**Task item**
Go to the line holding "Hier finden Sie" in the data below and repeat it exactly, then each line after it up to and including the one holding "อ.ไวท์ หมอดูโปป้า ได้ทำนายดวงชะตา". Omit pictures.

**Stored data**
↓↓↓

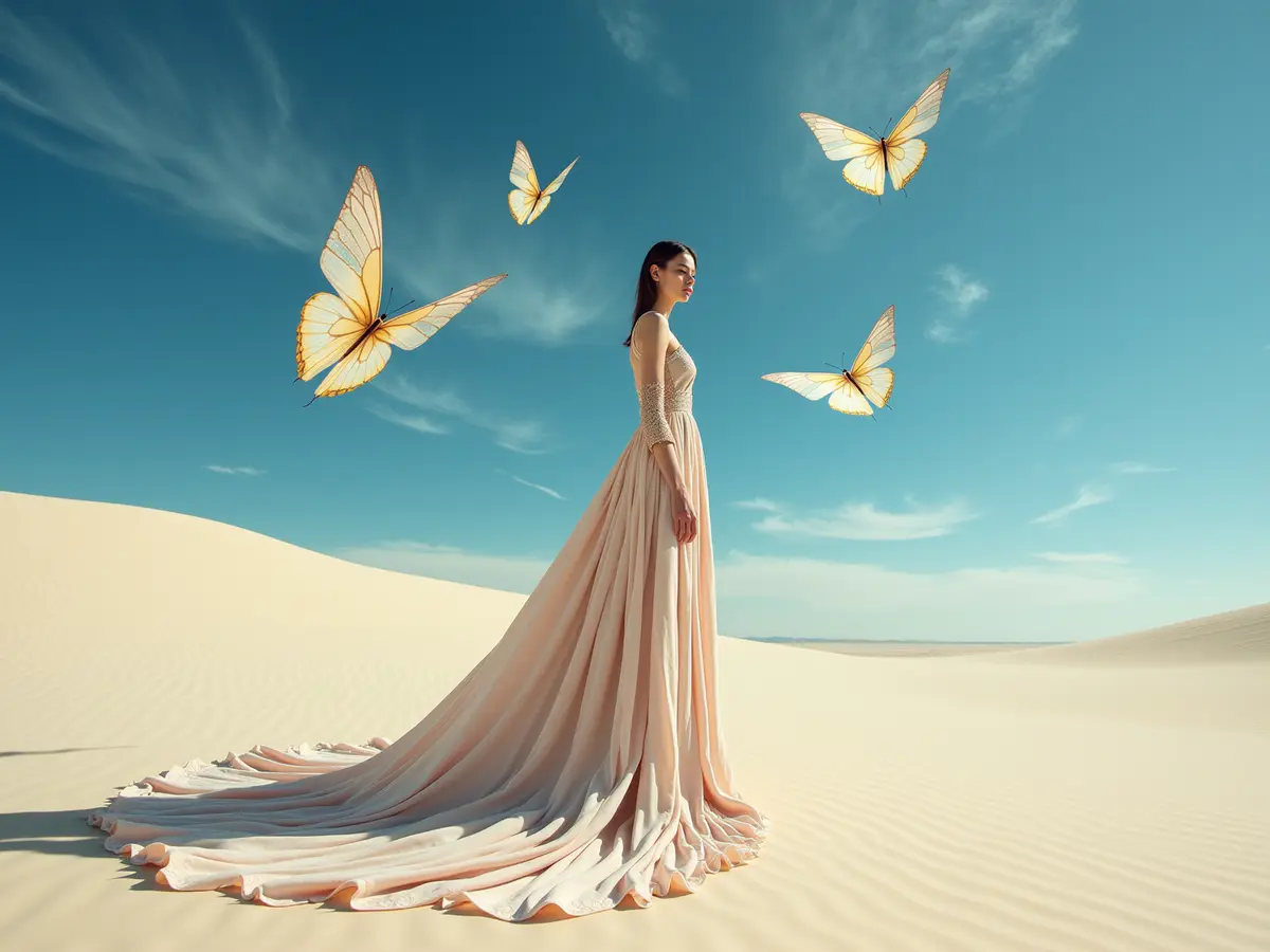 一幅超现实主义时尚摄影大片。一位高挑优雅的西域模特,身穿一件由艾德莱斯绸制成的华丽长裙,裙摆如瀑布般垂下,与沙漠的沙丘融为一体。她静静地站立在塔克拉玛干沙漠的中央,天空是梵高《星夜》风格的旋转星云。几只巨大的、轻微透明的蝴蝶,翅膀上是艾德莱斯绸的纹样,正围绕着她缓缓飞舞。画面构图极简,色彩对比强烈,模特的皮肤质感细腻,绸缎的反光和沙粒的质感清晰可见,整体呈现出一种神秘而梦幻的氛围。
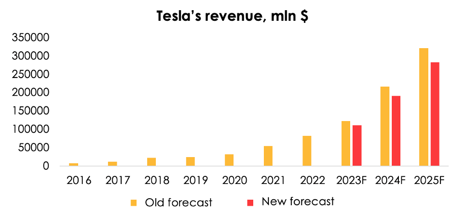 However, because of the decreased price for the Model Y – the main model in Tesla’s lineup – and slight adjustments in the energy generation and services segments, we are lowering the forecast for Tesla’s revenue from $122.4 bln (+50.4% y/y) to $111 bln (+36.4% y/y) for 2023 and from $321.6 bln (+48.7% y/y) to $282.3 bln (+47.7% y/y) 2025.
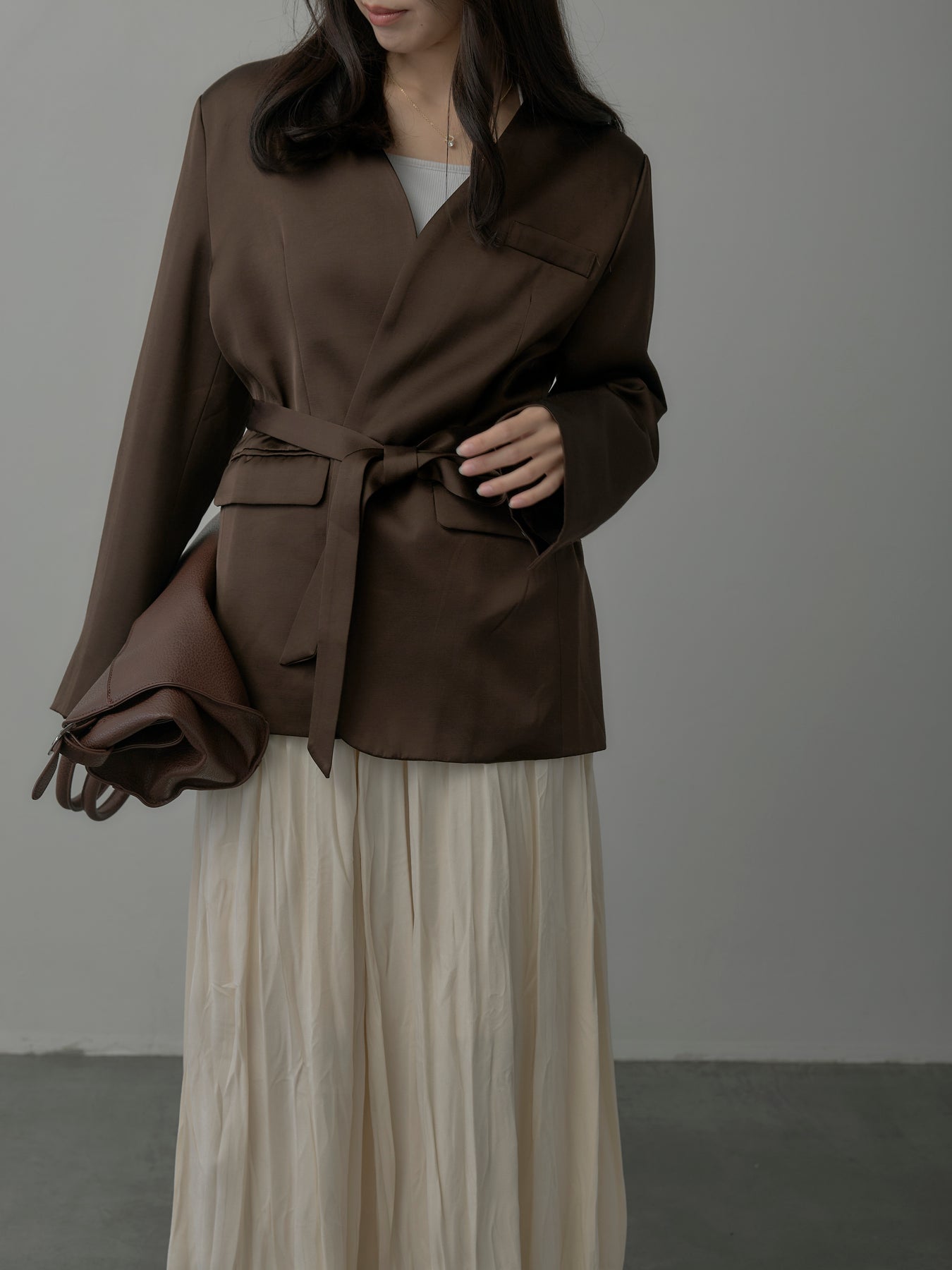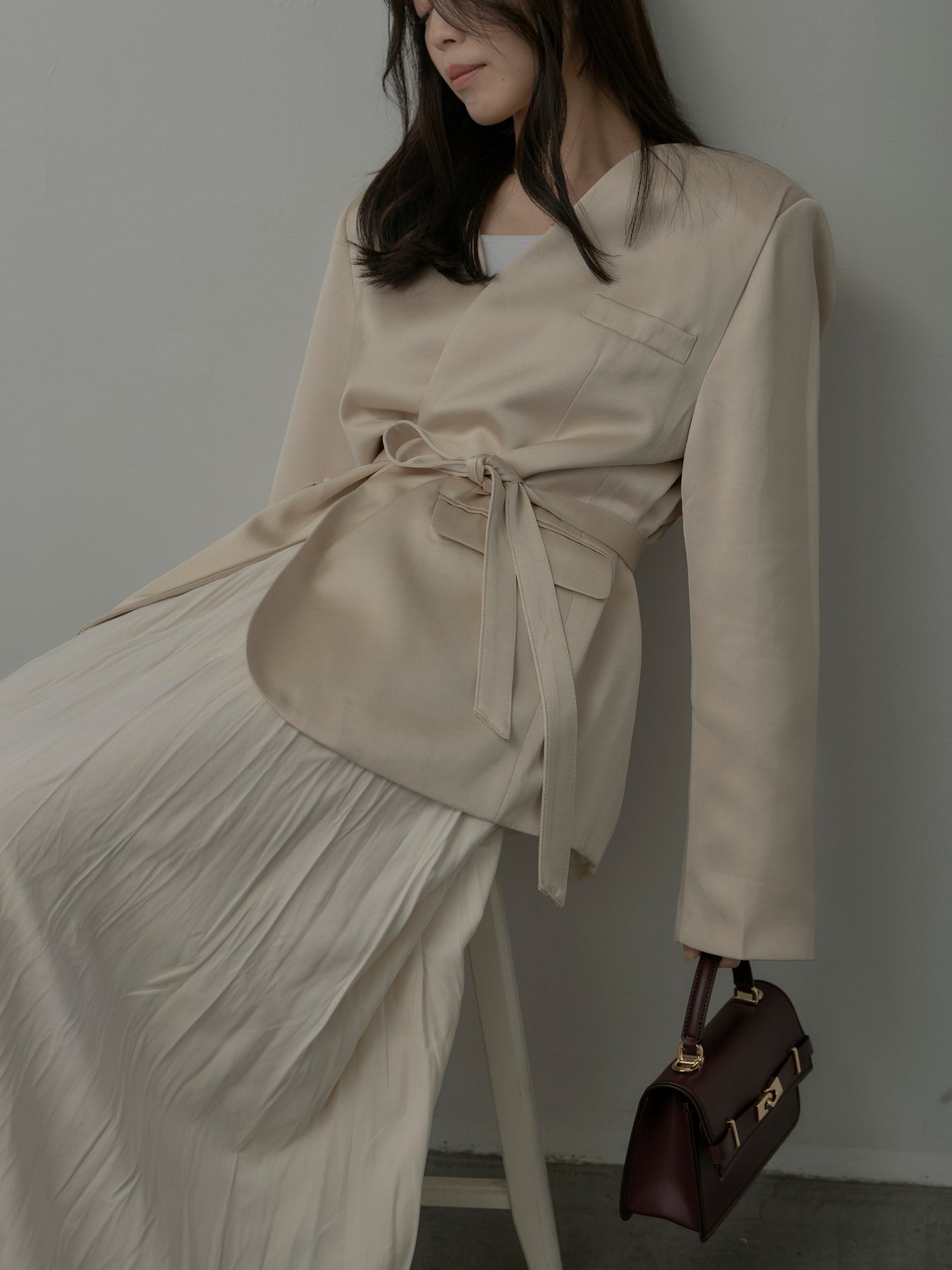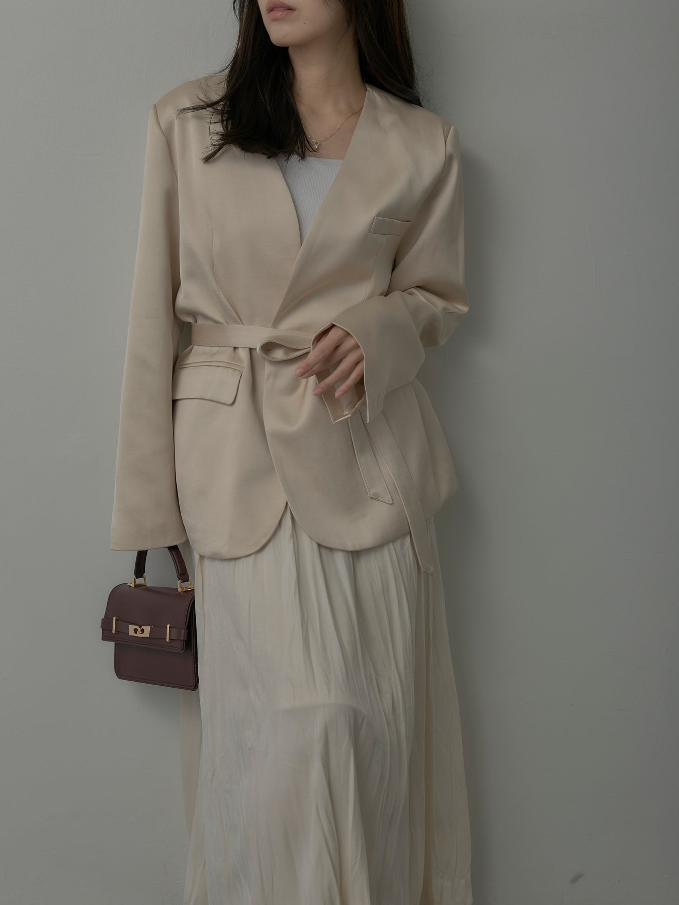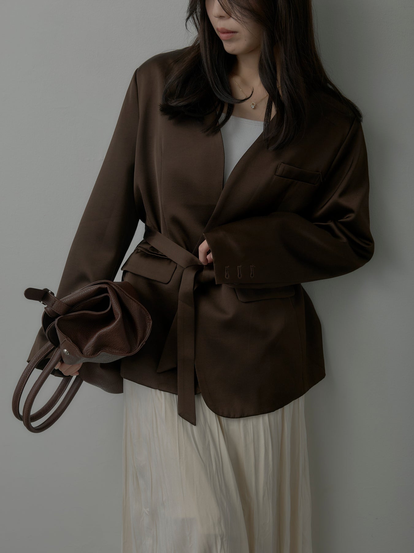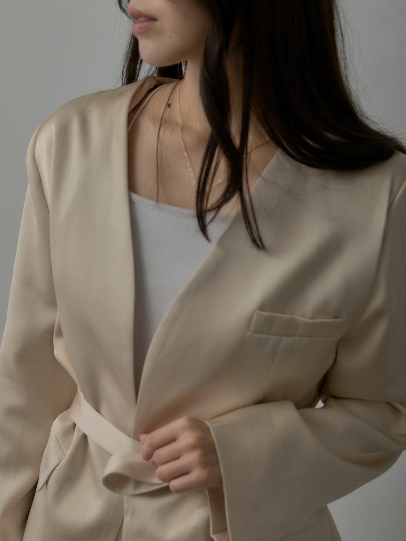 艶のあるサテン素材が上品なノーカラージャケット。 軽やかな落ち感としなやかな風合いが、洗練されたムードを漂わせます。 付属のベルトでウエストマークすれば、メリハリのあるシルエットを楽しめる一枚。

↑↑↑
↓↓↓

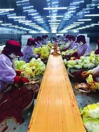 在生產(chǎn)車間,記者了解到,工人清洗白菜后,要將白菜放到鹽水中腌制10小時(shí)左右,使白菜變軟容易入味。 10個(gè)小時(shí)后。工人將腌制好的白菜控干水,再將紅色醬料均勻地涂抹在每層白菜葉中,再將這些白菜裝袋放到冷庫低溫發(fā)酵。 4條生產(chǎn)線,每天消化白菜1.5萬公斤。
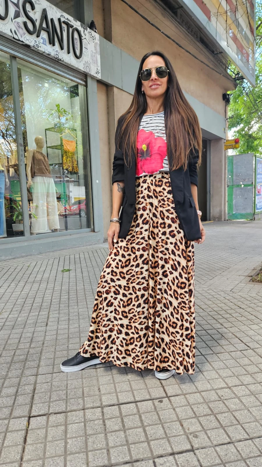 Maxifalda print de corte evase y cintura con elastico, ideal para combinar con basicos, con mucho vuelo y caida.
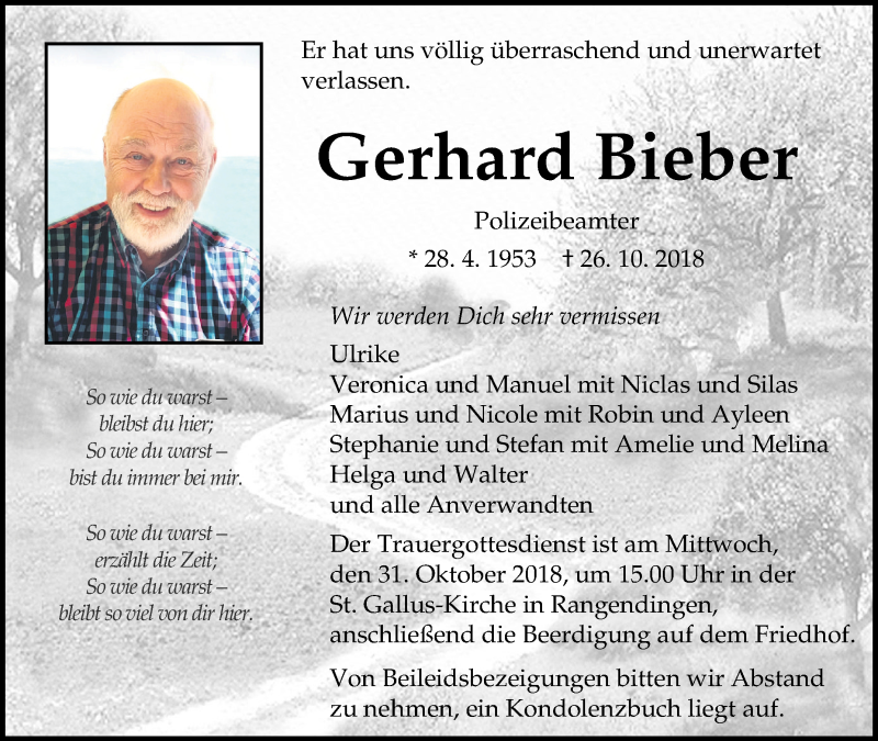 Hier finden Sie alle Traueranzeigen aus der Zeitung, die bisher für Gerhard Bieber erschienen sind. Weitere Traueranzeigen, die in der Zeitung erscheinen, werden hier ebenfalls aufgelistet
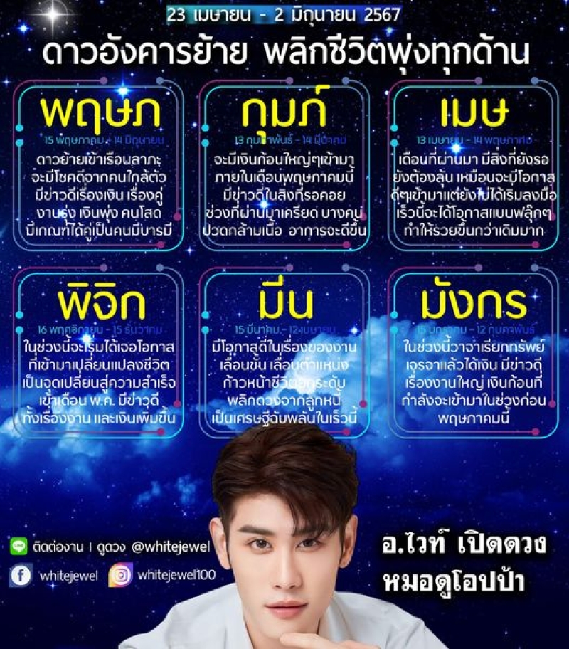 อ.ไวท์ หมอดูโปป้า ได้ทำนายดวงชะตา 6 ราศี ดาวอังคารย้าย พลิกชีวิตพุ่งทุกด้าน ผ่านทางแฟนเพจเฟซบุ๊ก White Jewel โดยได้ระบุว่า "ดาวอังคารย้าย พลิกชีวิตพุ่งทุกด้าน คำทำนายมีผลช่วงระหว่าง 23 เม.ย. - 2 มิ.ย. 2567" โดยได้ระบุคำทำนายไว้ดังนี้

↑↑↑
↓↓↓

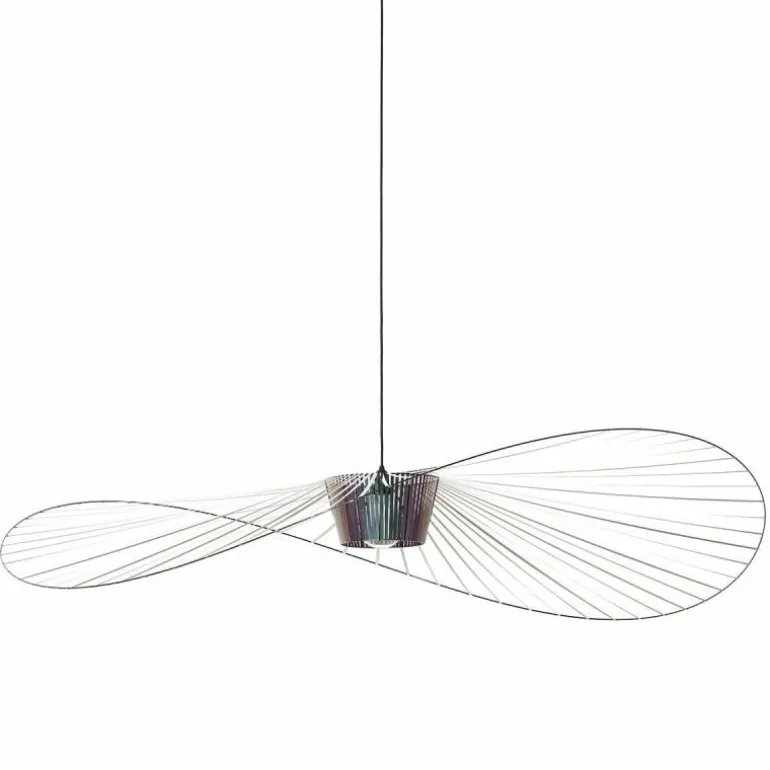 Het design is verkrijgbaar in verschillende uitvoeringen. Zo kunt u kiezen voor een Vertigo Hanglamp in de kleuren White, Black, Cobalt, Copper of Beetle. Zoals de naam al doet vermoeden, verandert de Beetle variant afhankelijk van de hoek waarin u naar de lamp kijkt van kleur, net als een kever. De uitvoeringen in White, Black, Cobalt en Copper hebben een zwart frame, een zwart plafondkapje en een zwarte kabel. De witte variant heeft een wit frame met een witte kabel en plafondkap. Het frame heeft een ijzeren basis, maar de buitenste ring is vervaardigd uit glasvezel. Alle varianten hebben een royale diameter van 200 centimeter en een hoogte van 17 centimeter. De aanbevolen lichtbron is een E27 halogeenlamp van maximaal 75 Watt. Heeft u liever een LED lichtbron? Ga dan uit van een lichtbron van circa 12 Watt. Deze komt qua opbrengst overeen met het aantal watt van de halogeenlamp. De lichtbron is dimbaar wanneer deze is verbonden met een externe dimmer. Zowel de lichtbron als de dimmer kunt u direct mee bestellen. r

↑↑↑

**Task solution**
 Hier finden Sie alle Traueranzeigen aus der Zeitung, die bisher für Gerhard Bieber erschienen sind. Weitere Traueranzeigen, die in der Zeitung erscheinen, werden hier ebenfalls aufgelistet
 อ.ไวท์ หมอดูโปป้า ได้ทำนายดวงชะตา 6 ราศี ดาวอังคารย้าย พลิกชีวิตพุ่งทุกด้าน ผ่านทางแฟนเพจเฟซบุ๊ก White Jewel โดยได้ระบุว่า "ดาวอังคารย้าย พลิกชีวิตพุ่งทุกด้าน คำทำนายมีผลช่วงระหว่าง 23 เม.ย. - 2 มิ.ย. 2567" โดยได้ระบุคำทำนายไว้ดังนี้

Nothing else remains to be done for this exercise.